Water column, sediment, and pore water samples were collected following the methods in Abbott et al. (2015) during R/V Kilo Moana cruise KM2012 in October and November 2020. Sediment cores were collected using an MC800 multi-corer and sectioned at 1.2 centimeter (cm) intervals. Sediment samples were frozen onboard and freeze-dried in the lab. See 'Related Datasets' for the data from the water column and pore water samples.
Elemental concentrations, including the REEs, were analyzed at Oregon State University (OSU) using an Elemental Scientific seaFAST-pico offline preconcentration technique, and the procedure has been extensively documented as part of the GEOTRACES intercalibration effort (Behrens et al., 2016). Elemental concentrations of the εNd aliquots (~10 milliliters (mL)) were analyzed at ETH Zurich using Nobias Chelate-PA1 resin in a manual column procedure (K. Deng et al., 2022).

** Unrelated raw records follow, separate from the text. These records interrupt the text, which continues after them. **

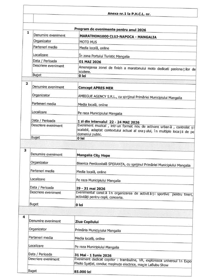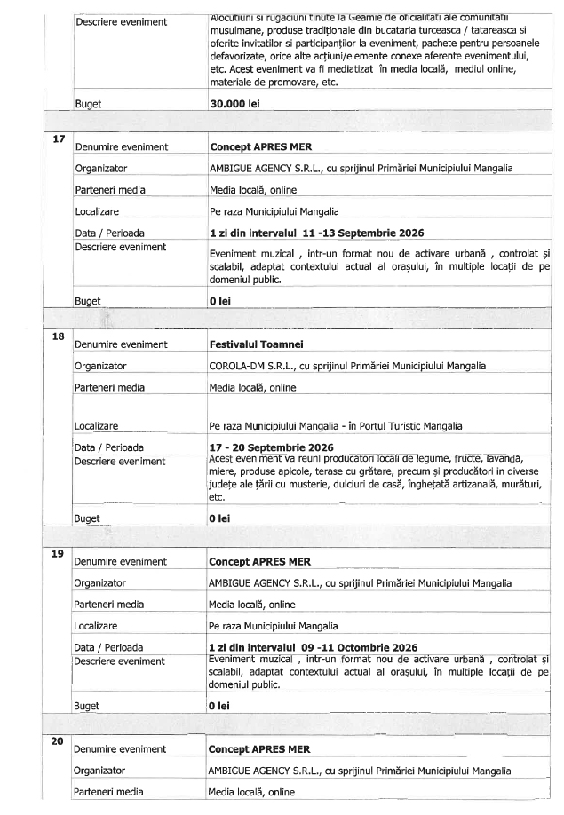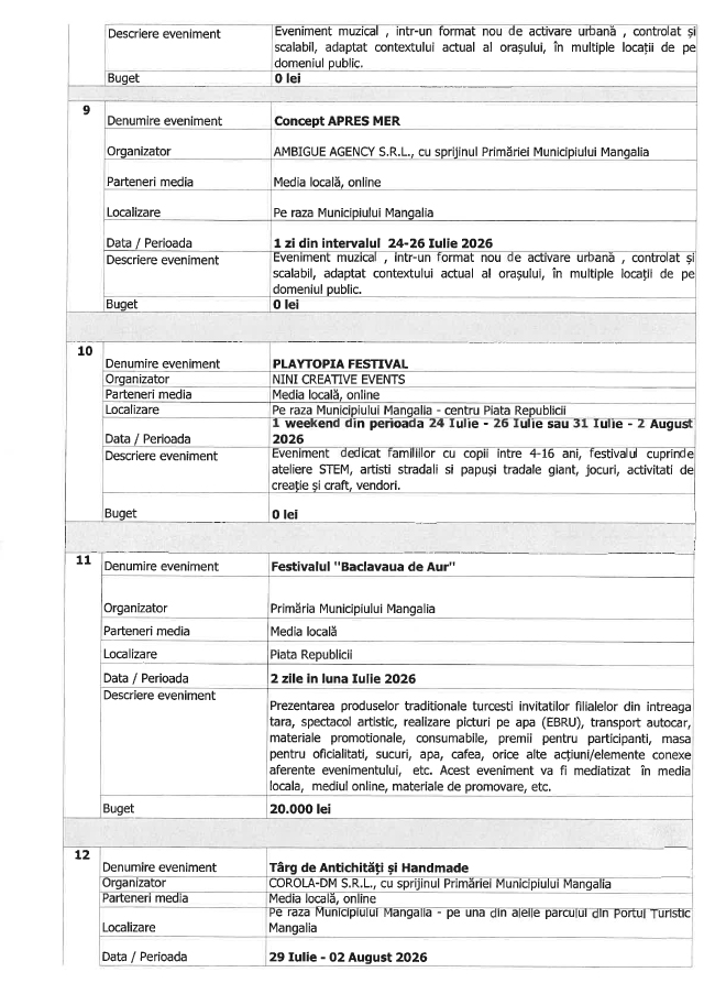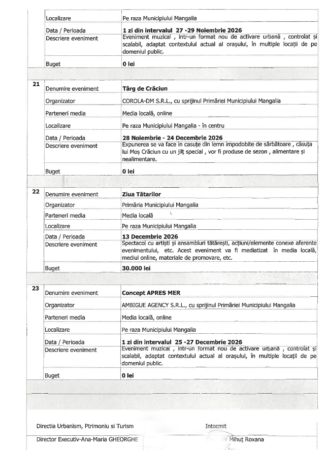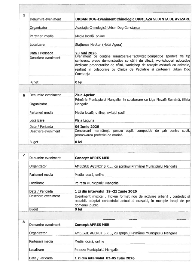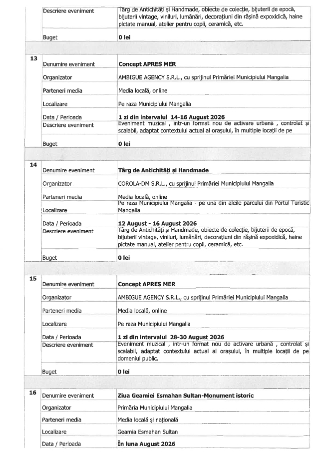 Trebuie precizat că vorbim aici de lista de evenimente organizate de Primăria Mangalia.
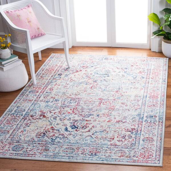 Brentwood 3 ft. x 3 ft. Ivory/Blue Distressed Border Medallion Square Area Rug
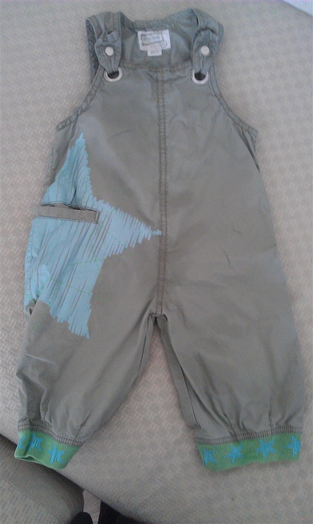 Det er str 74, der er desværre lidt fedtplette på, de kan ses på billedet. De er mest ovrre på det ben til højre. Man ser det hvis man kigger efter det, men når bukser er på og i bævægelse ser man det slet ikke.

Isotope analysis of the εNd aliquots (400~700 mL of pore water or ~1.5 liters (L) of seawater) were done at ETH Zurich. Samples were buffered to a pH of 5.5 ± 5 and pre-concentrated using an in-house extraction manifold containing Nobias Chelate-PA1 resin. After pre-concentration, separation of Nd from the matrix elements and other REE was done using Eichrom RE and LN spec resins. Procedural blanks are <3 picograms (pg). Isotope analysis was done on an Neptune Plus MC-ICP-MS (Thermo-Fisher) following the procedure of Vance and Thirlwall (2002). Internally normalized sample data was renormalized to the 143Nd/144Nd ratio of La Jolla (Thirlwall, 1991). Repeated analysis of 8 parts per billion (ppb) La Jolla solutions results in a long-term external reproducibility of 0.27 ε (2σ). Nd isotope analysis was also quality-controlled by repeated measurements of the USGS reference materials BCR-2 (εNd = -0.11 ± 0.25, 2σ) and BHVO-2 (εNd = 6.70 ± 0.24, 2σ) at the same concentration (5-10 ppb) as the pore water samples in agreement with literature results (Jochum et al., 2005).
Nutrients were analyzed at Oregon State University using Technicon AutoAnalyzer II (phosphate and ammonium) and Alpkem RFA 300 (silicic acid, nitrate+nitrite). The method and data processing follow Gordon et al. (1993). DOC was analyzed with a V-CSN/TNM-1 (Shimadzu Corp, Kyoto, Japan) at the Scripps Institution of Oceanography following White et al. (2023).
Sediment samples were analysed for total organic carbon contents using a GVI (now Elementar) Isoprime 1000 with Eurovector EA at Bigelow Laboratory for Ocean Sciences. Samples were measured for the total carbon (organic plus inorganic) and a separate sample split was acidified to remove carbonate and then measured for the organic fraction.
X-ray diffraction (XRD) of freeze-dried raw samples were made at K/T GeoServices Inc. (Colorado, USA), using a Siemens D500 automated powder diffractometer equipped with a copper X-ray source (40kV, 30mA) and a scintillation X-ray detector. Semi-quantitative determinations of whole-sediment mineral amounts were done using Jade Software (Materials Data, Inc.) with the Whole Pattern Fitting option.